In this paper, we present a SPAD-based TCSPC imager in 40-nm CMOS technology with the smallest TDC reported to date (9.2 µm × 9.2 µm) [17] . The 12-bit TDC achieves the finest timing resolution (tunable from 33 to 120 ps) of all reported TCSPC pixels at an energy efficiency figure of merit (FoM) of 34 fJ/conv and <1 LSB differential nonlinearity (DNL) and <6 LSB integral nonlinearity (INL). The photon detection efficiency (PDE) of the array has been enhanced with cylindrical microlenses to provide a mean concentration factor of 3.25% and a 42% effective fill factor. The sensor also has a very low median dark count rate (DCR) of 25 Hz obtained at 1.5-V excess bias and at room temperature conditions. SPADs have a peak photon detection probability (PDP) of 34% at 560 nm for 1-V excess bias at room temperature [3] and a quench time of 5 ns.

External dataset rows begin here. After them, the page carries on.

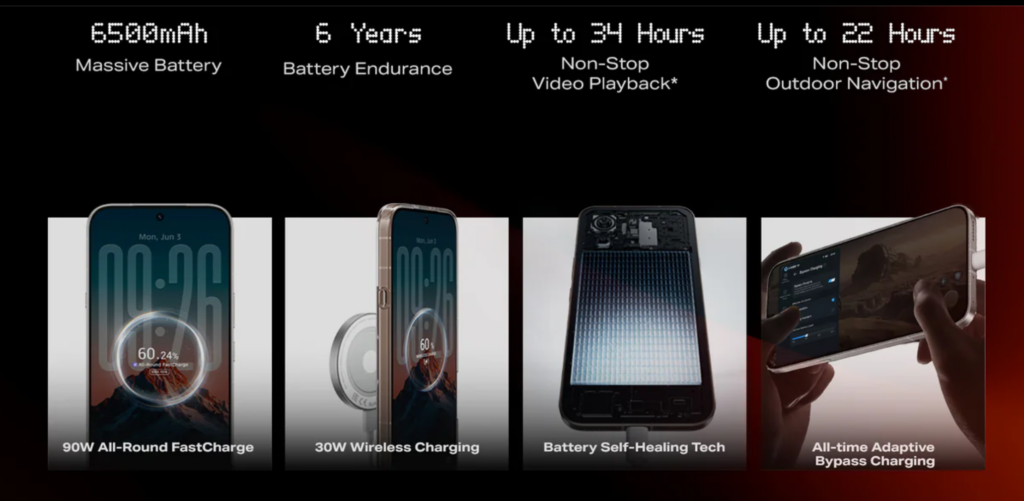 يحتوي Note 60 Pro على بطارية ضخمة بسعة 6,500mAh تدعم الشحن السريع بقدرة 90W، كما يدعم الشحن اللاسلكي بقدرة 30W وتقنية الشحن التجاوزي (bypass charging)، وزودت الشركة الجهاز بمستشعر لمراقبة ضربات القلب ونسبة الأكسجين في الدم عبر تطبيق My Health، مما يجعله أداة صحية ذكية ومتكاملة ترافق المستخدم في كافة نشاطاته اليومية.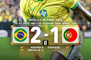 巴西2-1葡萄牙,羅德里戈先拔頭籌,C羅下半場扳平比分,維尼修斯制勝。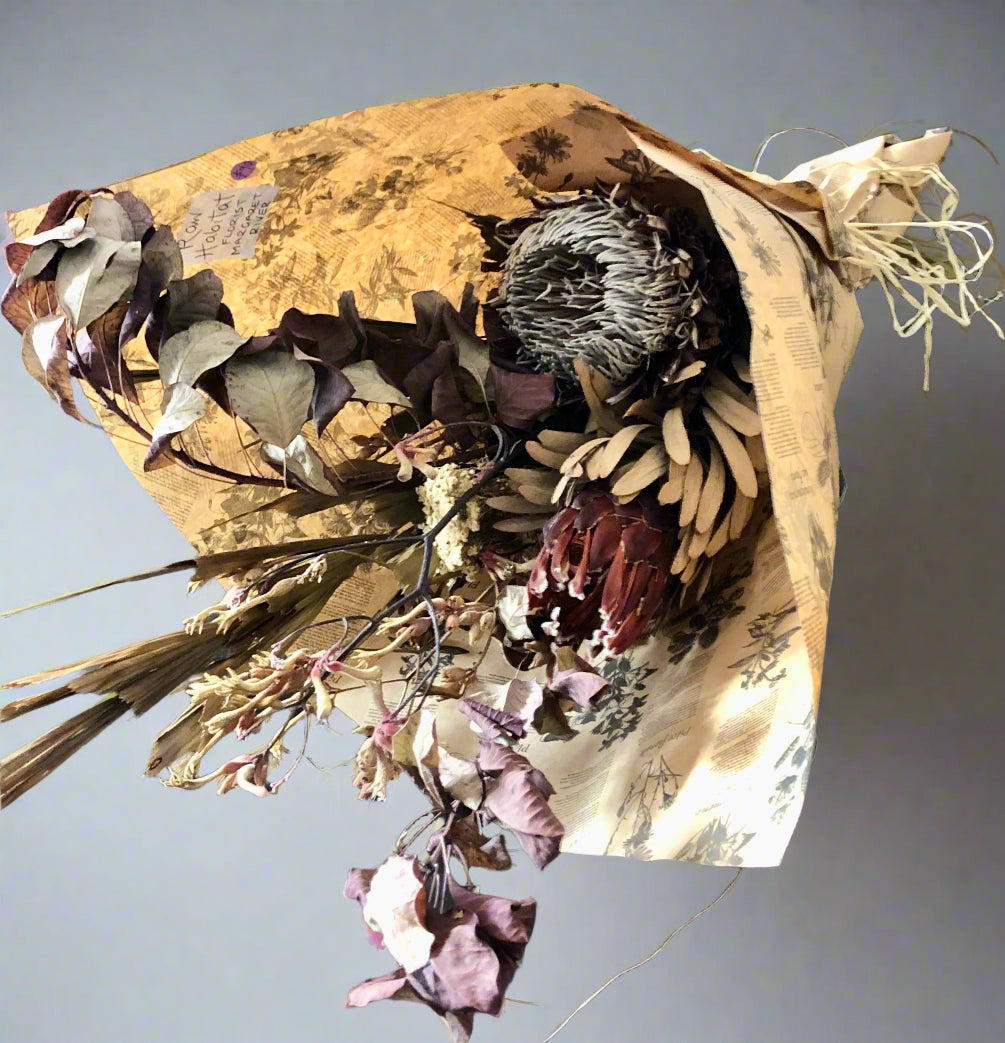 Dried bouquet with King Protea, queen Protea, Smoke bush, Kangaroo paws, Fishtail Palm and Morrison.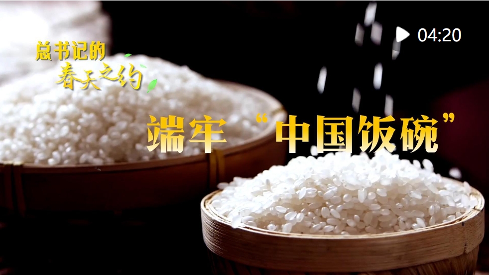 把穗觀粒,察土問技,習(xí)近平總書記始終惦念糧食安全。2018年9月,總書記再次踏上這片沃土。他走進稻田,拿起一把稻穗,看稻粒、觀成色。他說:“中國人要把飯碗端在自己手里,而且要裝自己的糧食。”

This combination of high sensitivity, low noise, and precise timing resolution offers a transformative capability to lowlight, time-resolved, wide-field microscopy, where sensitivity is paramount to image very dim samples and the contrast of lifetime is the key requirement to answer many biological questions. The sensor improves on the architecture proposed in [4] by trading off lower frame rate and jitter for a higher pixel sensitivity and resolution. Indeed, many practical applications of FLIM demand video frame rate and few 100 ps contrast between multiplexed fluorophores with lifetimes in the 2-10-ns range. In addition, the 18 kf/s of timestamped pixel corresponds to the typical photon arrival rates typical of dim microscopic scenarios thus minimizing pile-up loss.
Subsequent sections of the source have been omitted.